Cio berjalan tertatih menuju kursi yang Sia maksud. Setelah duduk di sana, Cio dengan wajah murung melihat Sia merapikan seluruh isi kamar.

Setelah satu jam, kamar itu telah selesai dirapikan oleh Sia. Keringat membasahi pakaian yang dikenakan wanita itu.

"Mama, pasti capek. Duduk sini sama Cio," ujar Cio.

"Iya, sayang. Selesai juga."

"Mama, aku lapar ... apa ada makanan?" tanya Cio sembari memegang perutnya.

"Sebentar, ayo kita keluar dari sini dulu," ujar Sia yang kini menggendong Cio.

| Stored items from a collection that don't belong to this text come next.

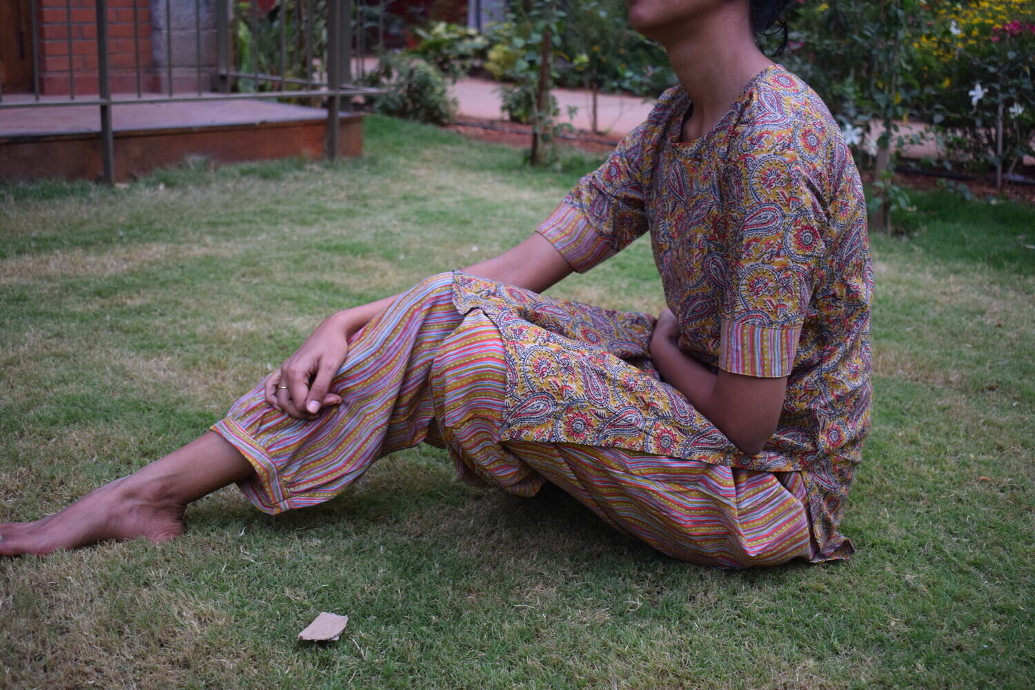 Add a touch of traditional elegance to your wardrobe with Tara's beautiful Kalamkari set! Featuring intricate hand-painted Kalamkari designs, this set is a true masterpiece.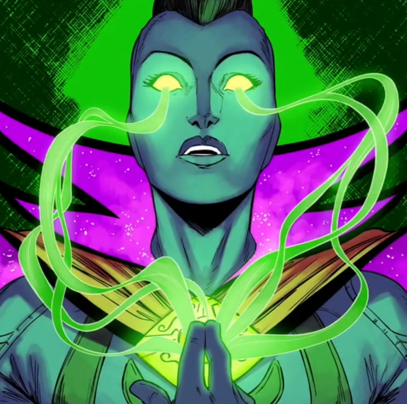 In writing the comic below, I framed it as a fable told to young sorcerers in the Temple as a way to explain the Ancient one in this universe, and the creation of the Temple of Vishanti. The Poem uses varying rhyme schemes for each stanza and esoteric language to represent the Temple being a nexus of multiple (often conflicting) realities, and the Ancient One being an amalgam of every Ancient One everywhere forever. I wanted readers to feel caught between each stanza, never quite settling into a predictable rhythm - the words as the ground shifting beneath their feet.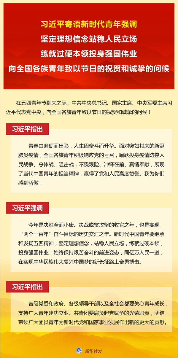 习近平强调,今年是决胜全面小康、决战脱贫攻坚的收官之年,也是实现“两个一百年”奋斗目标的历史交汇之年。新时代中国青年要继承和发扬五四精神,坚定理想信念,站稳人民立场,练就过硬本领,投身强国伟业,始终保持艰苦奋斗的前进姿态,同亿万人民一道,在实现中华民族伟大复兴中国梦的新长征路上奋勇搏击。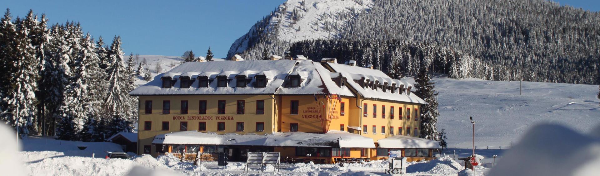 Hotel Vezzena, situated at 1404 meters asl in a fresh and dry climate, is surrounded by a breathtaking nature. In front of our hotel you can find the ski slope, the ski lift and the ski school of Lavarone.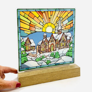 Light up your holiday season with this softly illuminated acrylic winter church scene that will transform any space into a festive showstopper. Packed with vibrant colors and an extremely subtle glow, this décor brings that magical holiday sparkle right into your home.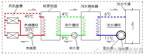 為應對污水或地表水水質條件,目前的系統多采用間接式系統。先將污水或地表水的熱量傳遞給清潔水,再由清潔水進入熱泵機組,清潔水在污水換熱器和熱泵機組之間形成封閉循環,起中介熱量傳遞作用,我們將其稱之為“中介循環”,而污水或地表水的自身循環稱之為“污水或地表水循環”,末端系統循環水在熱泵機組與末端散熱設備之間循環則稱之為“末端循環”。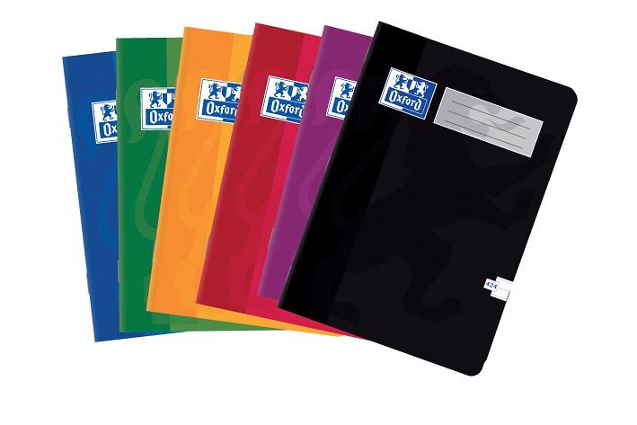 V šité vazbě. Měkké, vysoce odolné laminované desky s logem značky Oxford. Na první stránce sešitu místo na údaje o uživateli. Mix barev, Optik Paper

Saat keluar dari kamar, Sia terlihat terkejut dengan seluruh rumah sudah rapi dan bersih. Kedua lelaki itu juga sedang berada di dapur menyiapkan sesuatu.

"Kalian sedang apa?" tanya Sia.

"Memasak untukmu dan Cio," ujar Ron.

"Yeay, Papa dan Paman memasak ... aku sudah lapar sekali, Papa!" seru Cio.

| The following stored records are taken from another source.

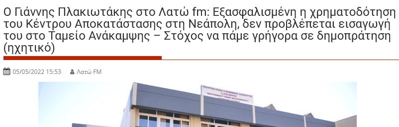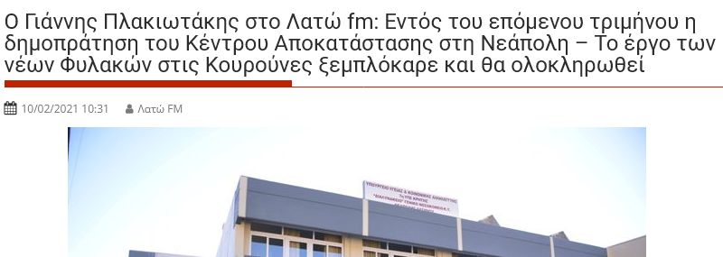 Ο κ. Πλακιωτάκης, είχε δηλώσει δημόσια στις 20/02/2021, ότι το έργο θα ξεκινούσε “εντός τριμήνου“. Τρίμηνα πέρασαν πολλά, αλλά προχωρά μόνο η κοροϊδία εις βάρος μιας ολόκληρης κοινωνίας που πίστεψε πως η Κρήτη θα αποκτήσει επιτέλους ένα σύγχρονο κέντρο αποκατάστασης.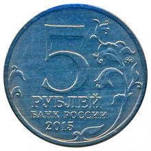 Аверс: в центре – обозначение номинала: "5 РУБЛЕЙ", ниже – надпись: "БАНК РОССИИ", под ней – год выпуска "2015", справа у канта – товарный знак монетного двора, слева и справа – фрагменты растительного орнамента.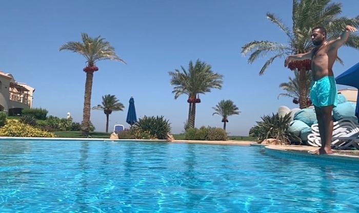 وظهر تامر بملابس البحر، داخل حمام السماحة.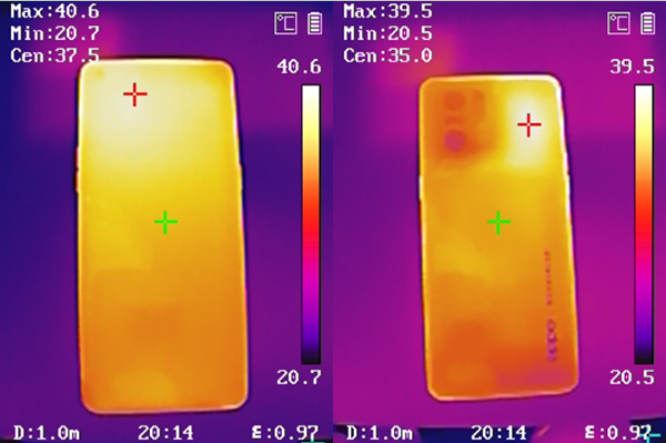 在30分鐘《原神》測試結束后,或許是后期手機性能進行了一定限制的緣故,所以溫度并不是很高,正面最高40.6℃,背面最高39.5℃,在冬天的室溫環(huán)境中握持手感異常舒適。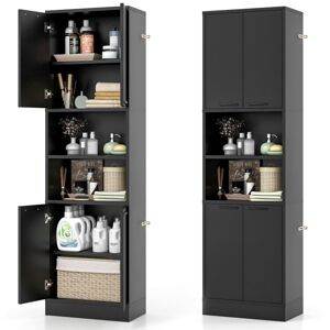 This kitchen pantry cabinet offers you abundant storage space without taking up too much floor space. It has 2 double-door cabinets with shelves and 2 open shelves to meet your storage needs. It not only serves as a buffet cabinet, but also works well as a cupboard, coffee bar, display cabinet, or bathroom cabinet. Besides, 4 doors help to prevent items from falling and keep interior items clean. There are easy-to-grip handles and metal hinges for effortless opening and closing. Robust base and non-slip foot pads make it steady enough. Furthermore, with the anti-toppling system, you can firmly fix the cabinet to the wall. Offer Diverse Storage Options: Featuring 2 double-door cabinets and 2 outer open shelves, the kitchen pantry cabinet offers ample storage space for your dinnerware, dishes, or other kitchen essentials. It will keep your items neatly organized. Reliable and Sturdy Construction: The solid base keeps this cupboard stable and not easy to wobble. Non-slip foot pads bring
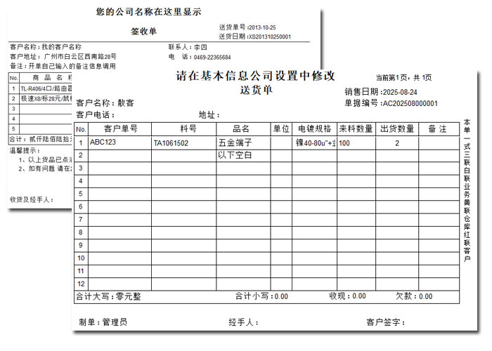 送貨單能根據客戶需求自由設計;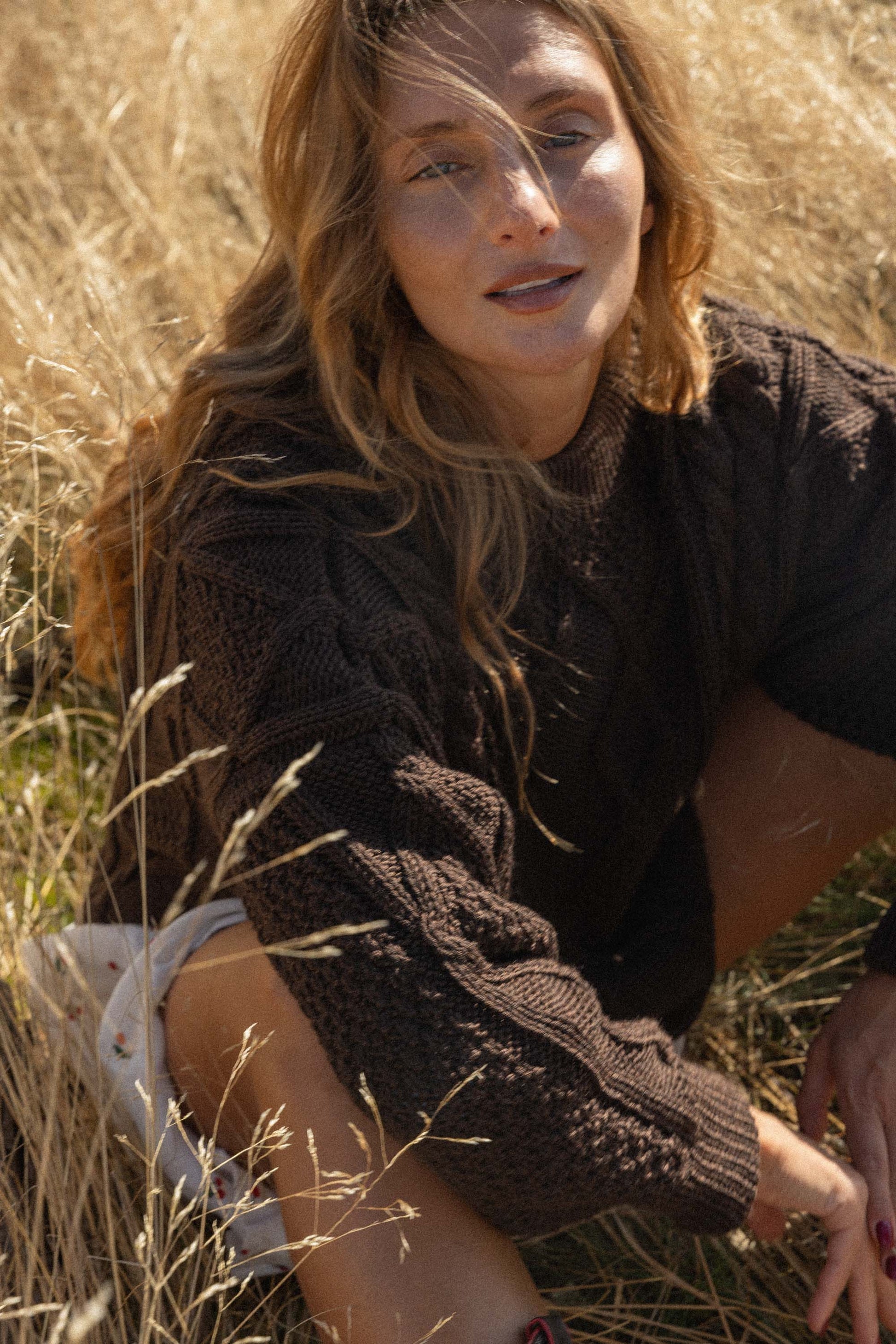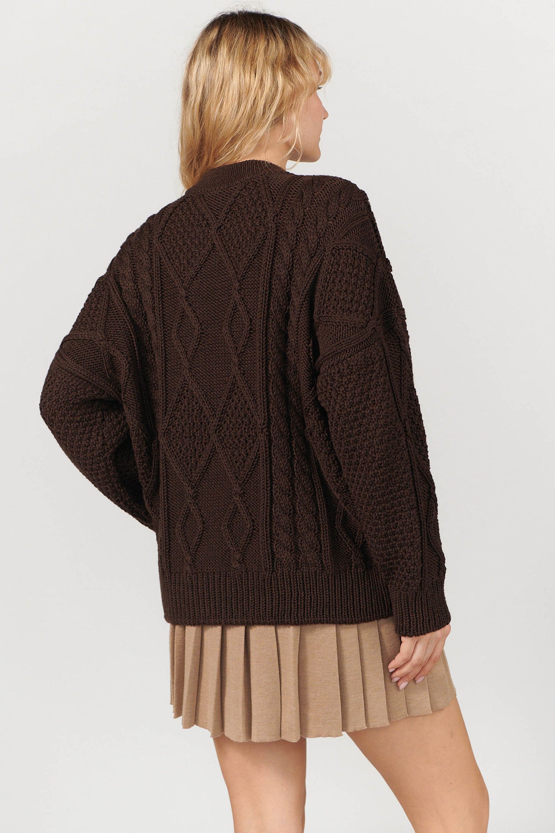 Nonna Zopfmusterpullover aus 100 % Merinowolle Schokolade

"Duduklah, sebentar lagi makanan akan siap," ujar Ron sembari meraih Cio dari gendongan Sia.

"Maaf karena aku terlalu lama membersihkan kamarku," ujar Sia menyesal.

"Hei, sudahlah. Kami tidak keberatan melakukan semua ini, jangan seperti ini. Karena sekarang kita tinggal bersama, jangan ada rasa tidak enak atau canggung," jelas Ron.

"Baiklah, terima kasih."

Ron tersenyum, kini ia kembali membantu Granger untuk menyiapkan makanan. Setelah lima belas menit, Granger yang tengah mengenakan apron berjalan membawa dua piring makanan untuk Sia dan Cio. Sementara Ron membawa makanan untuk Granger dan dirinya.

Kini mereka berada disatu meja makan dan menikmati hidangan bersama-sama.

"Siapa yang belanja? Bukankah tidak ada bahan makanan di sini? Lalu kenapa aku tidak mendengar suara mobil saat salah satu diantara kalian pergi," tanya Sia terheran.

"Kenapa kau memusingkan hal itu, sudahlah! Cepat makan dan kau bisa beristirahat bersama Cio, aku akan keluar mencari pekerjaan, Granger akan di sini menjaga kalian," ujar Ron.

"Baiklah."

Suasana di meja makan terlihat harmonis, mereka dengan lahap menghabiskan makanan yang sedang dinikmati. Bahkan Cio pun terlihat sangat menikmati hidangannya, sesekali ia menunjukkan ekspresi lucu pada semua orang sehingga membuat mereka terkekeh dengan tingkahnya.